The third rule involves the Hospital Outpatient Department Prospective Payment System (OPPS). The proposed rule would allow CMS to bundle both clinical laboratory tests and pathology services into the payments the agency makes to hospital outpatient departments. This is causing great concern because of fears that CMS will not use a transparent process and will not engage the industry as it proceeds to establish the prices of the bundles for individual outpatient services.

In this issue of THE DARK REPORT, we provide you a clearer picture of these proposed new rules and the negative financial impact they may have if implemented as currently written. In particular, the fact that these actions by CMS may be a challenge to the authority of Congress and its power to establish the budgets for the Medicare program—including Part B clinical lab test fees—is something that you will not read anywhere else.

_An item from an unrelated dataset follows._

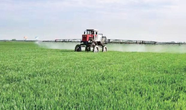 图为龙亢农场农服公司为农户提供化除服务 (李 峰 摄)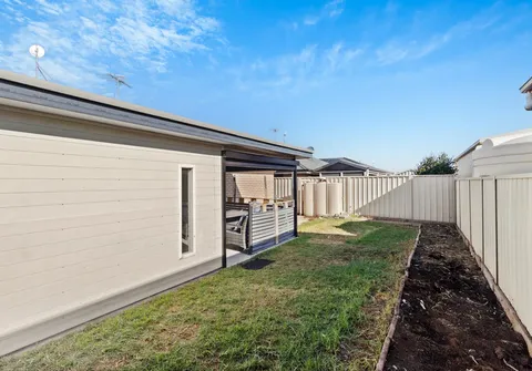 The tiled and covered pergola is perfect for outdoor entertaining, while the easy-care garden beds in the rear yard frame the lawn and this outlook offers a peaceful space to relax. With secure internal access, the double garage offers everyday ease, while the rainwater tank adds a thoughtful, sustainable touch to your lifestyle.

Further, this information is actionable business intelligence you can use. Whether you decide to become more involved in your lab association, college or society; or whether you decide its time to contact your elected officials in Congress, the insights and analyses provided on the pages that follow can help you make your points with clarity and vigor.

What comes next is anyone’s guess. CMS closed the comment period on the proposed rules last Friday. In coming weeks, there is certain to be intense discussions in Washington involving Medicare officials and lab and pathology leaders. Not until CMS publishes its final rules for 2014 in early November will anyone know if these unprecedented proposals will take effect on January 1, 2014.